Today was ... interesting. If you followed me for the past months over on the shitbird site, you might have seen a bunch of angry German words, lots of graphs, and the occassional news paper, radio, or TV snippet with yours truely. Let me explain.
In Austria, inflation is way above the EU average. ...
It would be nice to be able to bring to light the price gouging that is taking place in Canada with regards to grocery stores.
At the bottom of the chain on mastodon the creator says they use the search APIs of the store websites. I wouldn't have expected those to be easily accessible!
Yeah a lot of chains even have a documented, developer-friendly API. If that's not available though, you can usually figure out the API just by looking at the calls your browser makes when visiting a page. Most sites use a REST API for catalog pages that's then rendered out with JavaScript.
If that doesn't work, then you can usually scrape everything with Selenium. It's a little harder to do, but still quite manageable, though that usually has to be a background job, as it's slow.
The issue with this sort of thing is primarily one of data entry, rather than "tech savvy" as such. Defining the database is easy compared to getting the data in there.
Quick options would include parsing the information out of the stores' websites (possible, but if Javascript is involved you may be looking at puppeting a browser with Selenium, which isn't fast and can get tedious, and the approach depends on the websites being complete, accurate, and up-to-date), or hacking or snooping on the stores' own mobile apps (if they have them) to get price information in a usable format. Approaches like this are inherantly brittle, as even trivial changes made from the grocery chains' end can cause them to break. Scraping information without a defined API or the cooperation of the owner of the data is a moving target. From experience, I can tell you that it gets annoying fast.

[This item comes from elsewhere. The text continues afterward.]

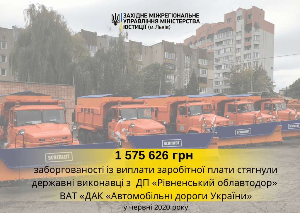 У червні 2020 року з окремих боржників державним виконавцям вдалося стягнути мільйони гривень заборгованості. Одну з найбільш сум – 1 575 626 грн – стягнуто з ДП «Рівненський облавтодор» ВАТ «ДАК «Автомобільні дороги України». Довгоочікувані кошти отримали 258 працівників підприємства. Однак, підприємство ще продовжує боргувати 2,1 млн грн. Загалом у червні працівники органів виконавчої служби області повернули 318 стягувачам більше 3 млн грн.

In the case of the Austrian government, they probably wanted that cooperation and defined API. Which would have required careful negotiations with each company and paid programmers looking at the corporate databases. That would have increased their cost and lengthened their projected timeframe. Corruption and corporate greed did the rest.
the responsible minister claimed it's an immense task and will take til autumn. It will only include 16 product categories (think flour, milk,etc.). And it will only be updated once a week.
I mean that's pretty pathetic. Better than nothing, but "only updated once a week" sounds like "the intern who has to enter the prices works only for 20 hours", not like they created an API and told the grocery chains to upload their prices.
Unknown. I don't use the grocery chains' websites (I'm of the "go to the nearest physical store and figure it out once there" persuasion), so I don't know what the complexity level would be. It's possible that they're all older-school sites where you can lift the data straight from the HTML, which is relatively fast.
Are we looking to expand what’s here on the Grocery Tracker to incorporate what they are doing with the Austrian site?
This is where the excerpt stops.